==== DATA EXTRACTS ====

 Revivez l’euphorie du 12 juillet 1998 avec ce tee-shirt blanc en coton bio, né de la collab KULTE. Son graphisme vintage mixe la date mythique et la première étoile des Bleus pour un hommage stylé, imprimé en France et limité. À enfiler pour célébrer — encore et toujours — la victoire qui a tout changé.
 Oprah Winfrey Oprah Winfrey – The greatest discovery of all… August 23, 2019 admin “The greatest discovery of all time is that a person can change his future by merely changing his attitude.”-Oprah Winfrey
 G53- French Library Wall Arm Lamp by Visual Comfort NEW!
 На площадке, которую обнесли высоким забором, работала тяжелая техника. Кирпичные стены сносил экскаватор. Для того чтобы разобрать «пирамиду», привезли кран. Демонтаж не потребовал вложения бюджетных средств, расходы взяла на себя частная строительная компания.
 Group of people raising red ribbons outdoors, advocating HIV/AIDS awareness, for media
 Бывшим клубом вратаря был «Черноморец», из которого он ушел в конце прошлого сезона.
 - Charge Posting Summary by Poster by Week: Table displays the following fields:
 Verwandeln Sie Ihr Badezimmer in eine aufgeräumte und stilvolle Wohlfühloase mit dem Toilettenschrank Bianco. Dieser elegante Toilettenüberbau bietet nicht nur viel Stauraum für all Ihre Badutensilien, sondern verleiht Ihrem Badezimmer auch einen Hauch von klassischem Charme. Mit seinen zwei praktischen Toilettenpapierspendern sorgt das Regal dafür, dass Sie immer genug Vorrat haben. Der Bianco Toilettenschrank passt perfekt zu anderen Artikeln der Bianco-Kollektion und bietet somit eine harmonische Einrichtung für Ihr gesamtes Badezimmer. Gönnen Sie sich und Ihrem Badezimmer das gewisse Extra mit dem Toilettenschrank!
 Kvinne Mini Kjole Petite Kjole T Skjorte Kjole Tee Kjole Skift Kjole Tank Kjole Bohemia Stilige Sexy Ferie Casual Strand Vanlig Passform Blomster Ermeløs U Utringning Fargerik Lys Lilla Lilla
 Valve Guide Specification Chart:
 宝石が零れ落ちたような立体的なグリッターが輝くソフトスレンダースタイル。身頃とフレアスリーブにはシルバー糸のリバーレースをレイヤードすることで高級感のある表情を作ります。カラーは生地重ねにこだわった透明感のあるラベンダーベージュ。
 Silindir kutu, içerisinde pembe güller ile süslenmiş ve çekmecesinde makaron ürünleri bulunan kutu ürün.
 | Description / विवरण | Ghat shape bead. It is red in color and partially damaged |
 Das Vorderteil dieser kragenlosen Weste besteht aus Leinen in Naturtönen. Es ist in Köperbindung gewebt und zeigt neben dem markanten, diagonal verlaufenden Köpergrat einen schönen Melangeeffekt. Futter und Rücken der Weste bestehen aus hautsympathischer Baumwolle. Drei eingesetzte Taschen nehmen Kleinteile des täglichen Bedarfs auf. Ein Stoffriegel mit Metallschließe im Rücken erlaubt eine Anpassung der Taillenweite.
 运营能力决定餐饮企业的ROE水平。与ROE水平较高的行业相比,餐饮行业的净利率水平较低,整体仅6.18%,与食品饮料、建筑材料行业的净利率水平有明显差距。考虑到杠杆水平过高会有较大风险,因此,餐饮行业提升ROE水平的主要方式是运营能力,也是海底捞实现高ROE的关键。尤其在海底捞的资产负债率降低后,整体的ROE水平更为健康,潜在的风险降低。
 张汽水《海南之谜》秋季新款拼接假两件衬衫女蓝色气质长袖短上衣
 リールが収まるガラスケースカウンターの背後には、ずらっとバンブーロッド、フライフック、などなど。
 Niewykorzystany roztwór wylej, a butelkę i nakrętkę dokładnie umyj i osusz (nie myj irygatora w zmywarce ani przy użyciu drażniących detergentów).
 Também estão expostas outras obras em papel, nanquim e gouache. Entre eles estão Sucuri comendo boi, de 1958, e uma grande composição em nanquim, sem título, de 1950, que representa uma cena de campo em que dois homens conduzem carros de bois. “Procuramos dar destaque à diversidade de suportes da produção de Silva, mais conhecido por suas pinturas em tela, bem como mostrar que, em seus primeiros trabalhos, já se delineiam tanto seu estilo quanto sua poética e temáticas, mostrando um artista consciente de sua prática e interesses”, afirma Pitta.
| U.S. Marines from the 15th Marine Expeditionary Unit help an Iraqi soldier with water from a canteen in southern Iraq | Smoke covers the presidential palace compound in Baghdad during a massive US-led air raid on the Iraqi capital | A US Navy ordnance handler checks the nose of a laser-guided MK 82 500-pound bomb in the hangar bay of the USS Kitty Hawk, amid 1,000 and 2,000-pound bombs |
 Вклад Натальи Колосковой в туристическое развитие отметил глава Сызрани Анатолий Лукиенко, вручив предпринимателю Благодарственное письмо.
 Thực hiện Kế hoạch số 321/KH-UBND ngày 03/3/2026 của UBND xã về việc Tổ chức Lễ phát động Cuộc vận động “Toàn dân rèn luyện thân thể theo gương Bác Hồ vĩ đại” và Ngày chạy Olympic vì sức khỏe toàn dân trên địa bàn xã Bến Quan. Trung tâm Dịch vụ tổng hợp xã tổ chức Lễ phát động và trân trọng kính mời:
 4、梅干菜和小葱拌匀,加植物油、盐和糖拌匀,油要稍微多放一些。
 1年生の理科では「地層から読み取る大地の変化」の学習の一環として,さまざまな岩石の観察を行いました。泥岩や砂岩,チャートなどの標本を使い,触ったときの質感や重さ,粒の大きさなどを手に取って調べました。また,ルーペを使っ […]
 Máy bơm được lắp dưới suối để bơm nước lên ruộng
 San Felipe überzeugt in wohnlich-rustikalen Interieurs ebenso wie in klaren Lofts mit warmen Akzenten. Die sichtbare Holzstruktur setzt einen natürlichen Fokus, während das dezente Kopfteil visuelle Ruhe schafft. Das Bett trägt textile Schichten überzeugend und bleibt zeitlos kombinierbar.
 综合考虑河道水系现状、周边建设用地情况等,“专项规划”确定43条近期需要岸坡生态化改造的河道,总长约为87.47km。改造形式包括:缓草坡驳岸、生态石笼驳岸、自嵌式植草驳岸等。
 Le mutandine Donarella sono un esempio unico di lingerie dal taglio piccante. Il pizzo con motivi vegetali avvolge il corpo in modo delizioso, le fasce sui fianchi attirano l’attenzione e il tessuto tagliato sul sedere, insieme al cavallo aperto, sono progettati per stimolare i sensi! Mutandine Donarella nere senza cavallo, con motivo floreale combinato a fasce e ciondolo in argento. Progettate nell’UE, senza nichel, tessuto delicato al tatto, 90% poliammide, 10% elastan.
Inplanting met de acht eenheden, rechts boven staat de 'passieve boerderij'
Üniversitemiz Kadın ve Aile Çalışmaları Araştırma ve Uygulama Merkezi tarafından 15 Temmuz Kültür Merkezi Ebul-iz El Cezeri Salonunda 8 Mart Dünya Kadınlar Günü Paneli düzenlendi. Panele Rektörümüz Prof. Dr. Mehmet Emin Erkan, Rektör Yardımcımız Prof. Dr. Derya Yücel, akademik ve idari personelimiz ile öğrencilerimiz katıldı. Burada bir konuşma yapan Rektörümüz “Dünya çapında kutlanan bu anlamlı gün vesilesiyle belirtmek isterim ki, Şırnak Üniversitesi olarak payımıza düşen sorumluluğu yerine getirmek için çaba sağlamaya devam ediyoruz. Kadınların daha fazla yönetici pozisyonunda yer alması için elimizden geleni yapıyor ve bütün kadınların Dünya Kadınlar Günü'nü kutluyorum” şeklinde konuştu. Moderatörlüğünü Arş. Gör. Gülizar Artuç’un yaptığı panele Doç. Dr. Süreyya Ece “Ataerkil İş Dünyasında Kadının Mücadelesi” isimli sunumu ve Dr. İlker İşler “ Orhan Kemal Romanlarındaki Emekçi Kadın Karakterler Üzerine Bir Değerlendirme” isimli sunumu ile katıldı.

====

As the answer, set down only the lines from the data above between the one holding "G53- French Library" and the one holding "- Charge Posting", inclusive, exactly as they read.

 G53- French Library Wall Arm Lamp by Visual Comfort NEW!
 На площадке, которую обнесли высоким забором, работала тяжелая техника. Кирпичные стены сносил экскаватор. Для того чтобы разобрать «пирамиду», привезли кран. Демонтаж не потребовал вложения бюджетных средств, расходы взяла на себя частная строительная компания.
 Group of people raising red ribbons outdoors, advocating HIV/AIDS awareness, for media
 Бывшим клубом вратаря был «Черноморец», из которого он ушел в конце прошлого сезона.
 - Charge Posting Summary by Poster by Week: Table displays the following fields:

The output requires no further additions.